April Fool's Day Concert... where the music is serious, but the
program notes are not.

Yi-Huan Zhao Violin
David Sage Viola
Kevin Buck Cello

WHITNEY: Caprice (World Premiere)
BARROWS: String Trio No. 3 in C minor (World Premiere)

Intermission, if you're lucky

BEETHOVEN: String Trio No.1 in E-flat Op. 3 (World Premiere...
ha, made you look)

1. Allegro con brio
2. Menuetto allegretto
3. Adagio
4. Menuetto moderato
5. Finale. Allegro

So that all may enjoy the performance: 1.) Please deactivate all
electronic watches, pagers, and cellular phones prior to performance
because they're incredibly annoying and people get really ticked off when
they sound during a concert.  2.) Please do not applaud between movements
of a piece, as it disrupts the flow; rather, hold applause until each piece
is concluded.  It's been this way for well over a century, so get used to
it.  3.) Please do not take photographs during the performance as it is
distracting to performer and audience alike.  Please photograph only at the
conclusion of a piece, when performers are receiving applause.  But, then,
anyone who does not realize this is probably too dim to operate a camera,
anyway.  4.) Out of respect for the performer(s) and your fellow audience
members, please do not converse during the performance.  Even a whisper
can distract fellow concert-goers, who are encouraged to (quietly) maim
talkers.  5.) While we encourage exposing children to great music, any
audience member, regardless of age, who cannot attend without distracting
other members will be asked to leave and sent to bed without supper.  6.)
If it takes you ten minutes to unwrap a cough drop, please go away.  7.)
Lady, please stop messing with your keys.  We're trying to listen to the
concert.

Performers, programs, dates, and times are subject to change without
notice, so there.

* * * *

April Fool's Day Program Notes

Ian Whitney is the son of a Jedi Knight and a small-time bar waitress/mezzo
soprano from Paris, France (as opposed to Paris, Texas).  He gave his first
European tour at age 4, giving sell-out performances in Paris, London,
Rome, Frankfurt and Krakow.  He first crossed the Atlantic at 6, giving a
sell-out recital at Carnegie Hall.  Since this dazzling start, Ian's career
has done nothing but plummet, until he resorted to taking up composition at
15 purely to support the lifestyle to which he had become accustomed.  He
doesn't perspire and has broken up 94 marriages, caused 104 heart attacks
and has been known to stop traffic on Sunset Boulevard with his devastating
good looks.  Ian plans to finish his Bachelor of Music, which he started
this year, and take up stripping or card dealing or perhaps both.

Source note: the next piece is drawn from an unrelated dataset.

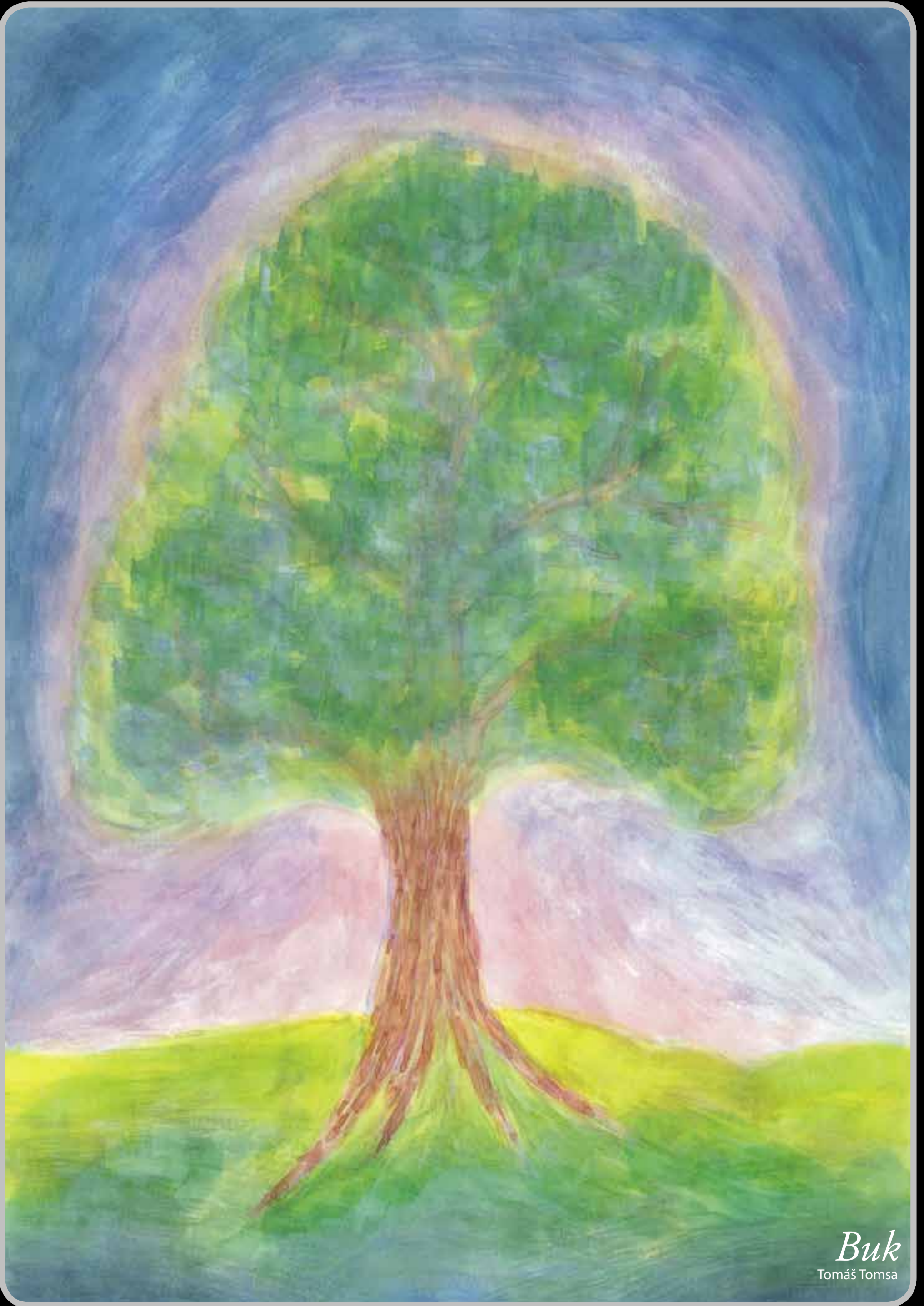
Buk Tomáš Tomsa
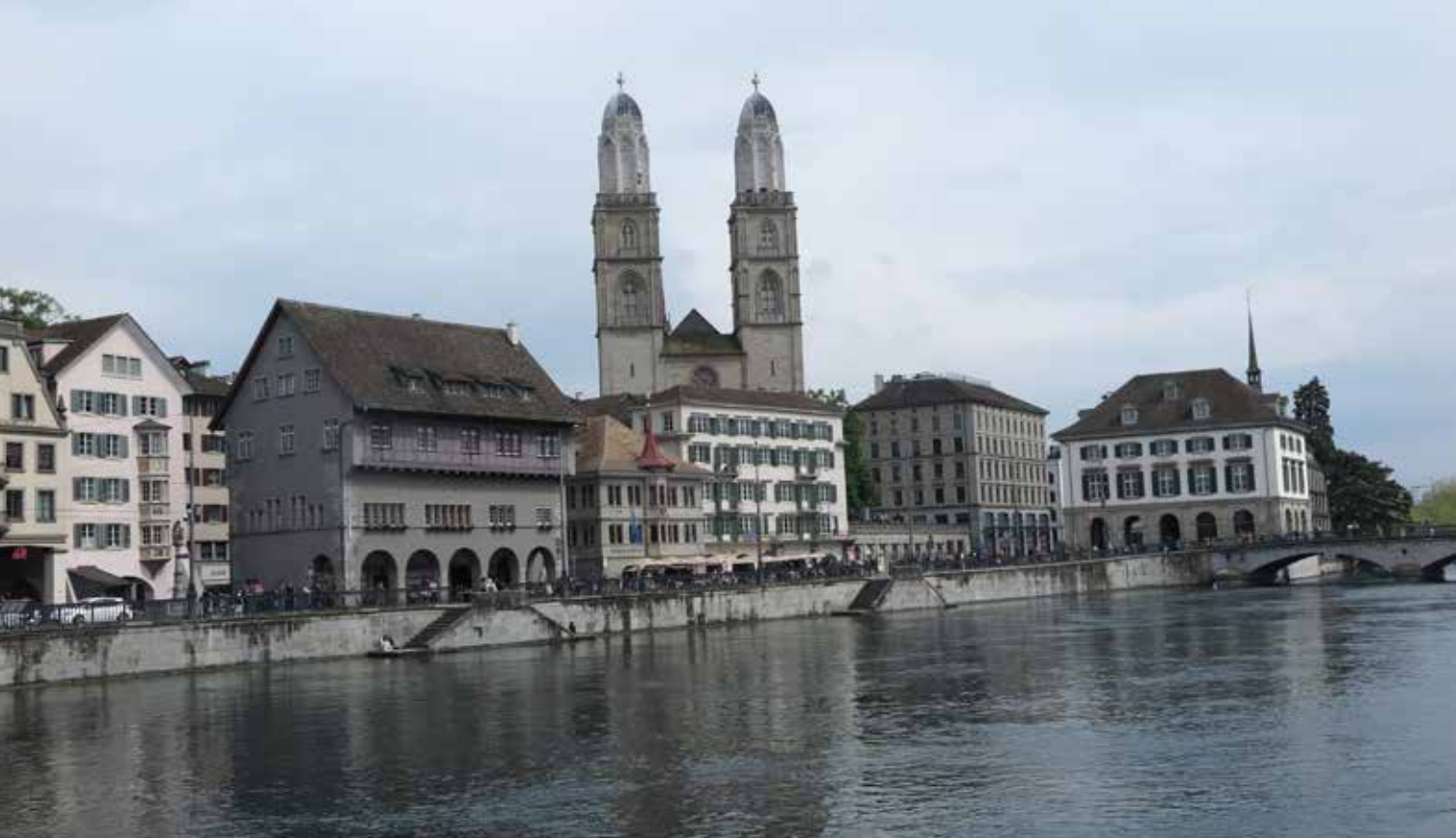
Stadsvy från Zürich

Because Mr. Whitney lives in Australia, today's performers will either
need to turn their scores upside-down, or else stand on their heads while
performing his piece, in order to read his music.

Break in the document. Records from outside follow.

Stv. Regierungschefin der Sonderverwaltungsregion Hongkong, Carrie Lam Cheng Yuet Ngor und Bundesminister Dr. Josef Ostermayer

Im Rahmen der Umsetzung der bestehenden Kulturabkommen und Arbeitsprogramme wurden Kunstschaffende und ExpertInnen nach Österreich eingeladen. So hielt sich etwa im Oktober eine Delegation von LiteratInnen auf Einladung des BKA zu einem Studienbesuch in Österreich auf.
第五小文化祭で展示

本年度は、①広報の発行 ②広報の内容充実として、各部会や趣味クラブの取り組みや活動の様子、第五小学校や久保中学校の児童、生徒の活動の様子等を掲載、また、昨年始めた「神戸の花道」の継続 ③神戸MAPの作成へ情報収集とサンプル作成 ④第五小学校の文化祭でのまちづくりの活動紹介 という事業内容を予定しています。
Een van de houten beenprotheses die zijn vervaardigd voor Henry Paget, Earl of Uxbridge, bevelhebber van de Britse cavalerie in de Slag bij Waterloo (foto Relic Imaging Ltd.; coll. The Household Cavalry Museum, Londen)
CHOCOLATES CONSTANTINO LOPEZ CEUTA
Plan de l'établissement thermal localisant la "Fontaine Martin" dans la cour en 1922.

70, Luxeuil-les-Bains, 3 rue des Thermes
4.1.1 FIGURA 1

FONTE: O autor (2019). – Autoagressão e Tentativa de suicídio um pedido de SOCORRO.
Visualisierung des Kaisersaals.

When he's not busy overthrowing democratic governments, Ian enjoys a stiff
drink or nine, and is quite fond of kicking couples who dress in matching
outfits.  Hard.

R.C.  Barrows, Composer-In-Residence/Artistic Director for the Culver
Chamber Music Series, hails from Maine.  Not only that, but he rains
from Massachusetts, and snows from Vermont.  Such is the precipitous life
of a modern classical composer.  The composition of his String Trio No. 3
would have been impossible had he not written two others before it.  It is
either a single-movement piece with elements of several movements condensed
into a single concise unit, or else it's a single-movement piece vastly
over-inflated into several movements.  Or maybe it's a bottle of floor wax.

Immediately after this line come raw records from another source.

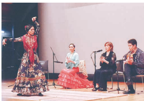
踊り・歌・ギター「フラメンコ」

演芸はコーラスをはじめとする多岐に渡る分野の発表で、踊りあり、カラオケあり、手話ダンス、
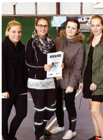
Team FSH LLA Lienz, 9. Platz
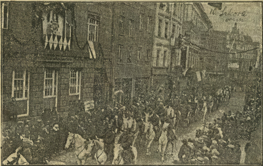
Ogólny widok defilady.
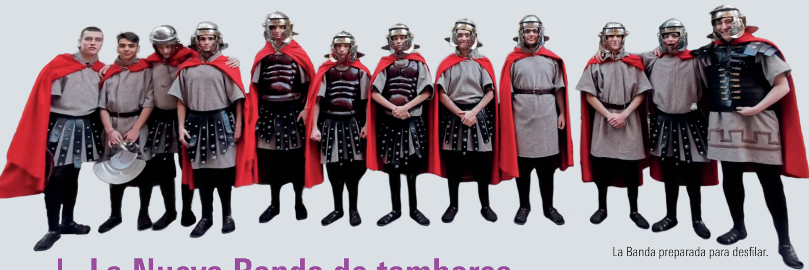
La Banda preparada para desfilarse.
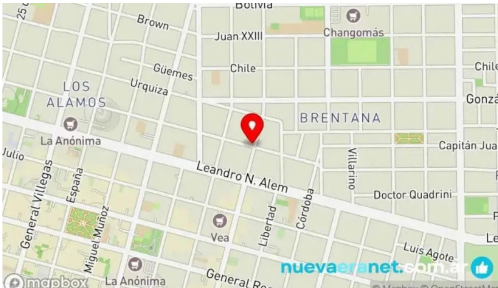
Rujtika panaderia y pasteleria mapa
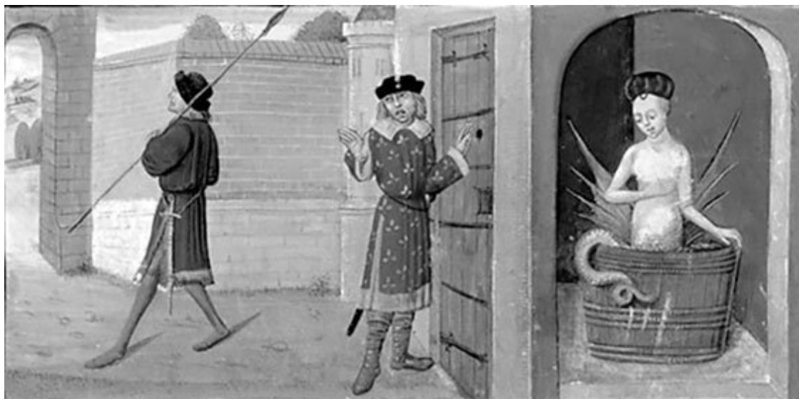
Обнаружение тайны Мелюзины. Художник Гиллебер де Мец

Однако осталась великая река Луара, на берегах которой на протяжении столетий вершились судьбы Франции. Подобно огромному ножу, она рассекает пространство от Центрального плоскогорья, вбирая в себя притоки, к Орлеану. А оттуда устремляется на запад, впадая в Бискайский залив, сливаясь с Атлантическим океаном. Эта река, означающая для Франции то же, что Волга для России или Ганг для Индии, неторопливо несет свои обычно спокойные воды, незримо связывая исторические времена и судьбы людей.
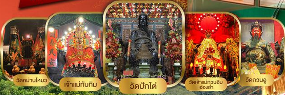
วัดบ้านโสมง

ไหว้พระเสริมดวงแบบจัดเต็ม รวมขึ้นพีคแกรม
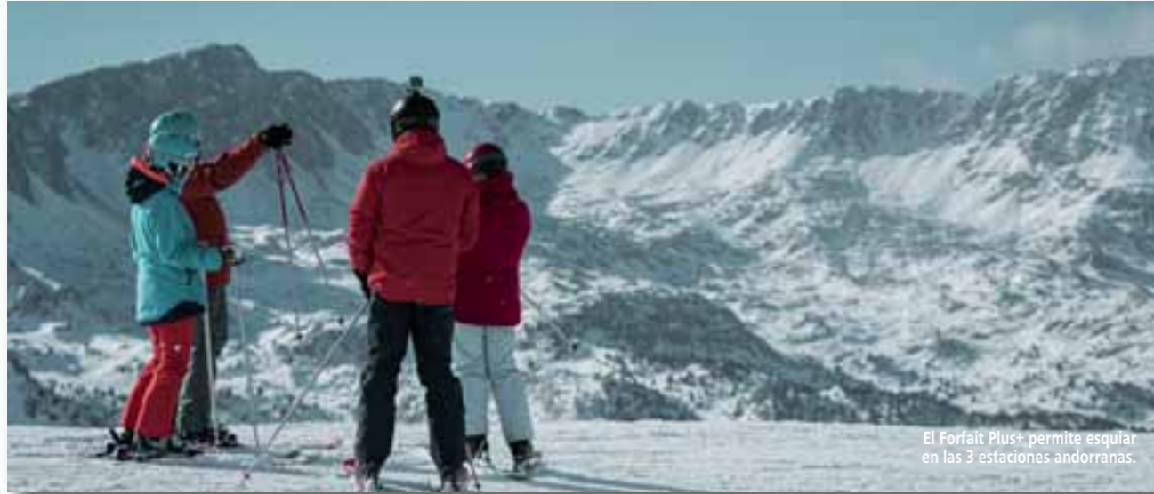
El Forfait Plus+ permite esquiar en las 3 estaciones andorranas.

In response to several complaints from regular concert-goers of the Culver
Chamber Music Series, Mr. Barrows has taken an antacid prior to today's
concert.

Ludwig van Beethoven (1770-1827) is well known to have gradually lost his
sense of hearing until he eventually became totally deaf.  What is less
well known is that he also gradually lost his sense of smell.  He first
noticed this in his late 20s when, while passing a bakery, he noticed he
could smell the strudel better with his left nostril than with his right.
The deterioration of his once-acute olfactory sense left the composer
devastated, as is reflected in his heart-rending letter to his friend
Schnauser, in which he poignantly declared, "Mein Schnozz ist kaput."
Modern medical scholarship has resulted in the diagnosis that Beethoven
suffered from the rare condition of nasal tinitis, which sometimes caused
him to think he was smelling one thing, when, in fact, he was smelling
something else, or nothing at all.  Recent research has uncovered that his
nasal problems may have been responsible for ending his romance with his
famous "Eternal Beloved," whose identity has finally been established as
that of Fannie Brunhilde, a disinherited aristocratic young woman whose
family disowned her when she refused to look down her nose because it
caused her to bump into things during walks.  An additional letter to
her has been uncovered which sheds light on the possible reason for
the dissolution of their romance: "I feel my ailing sense of smell is
driving me mad...  Yes, there are good days on which you smell like a
freshly-perfumed young lass, but there are others when you smell like
formaldehyde, and still other days when you smell like really old
decomposing fruit.  This cannot go on.  Man, what a bummer."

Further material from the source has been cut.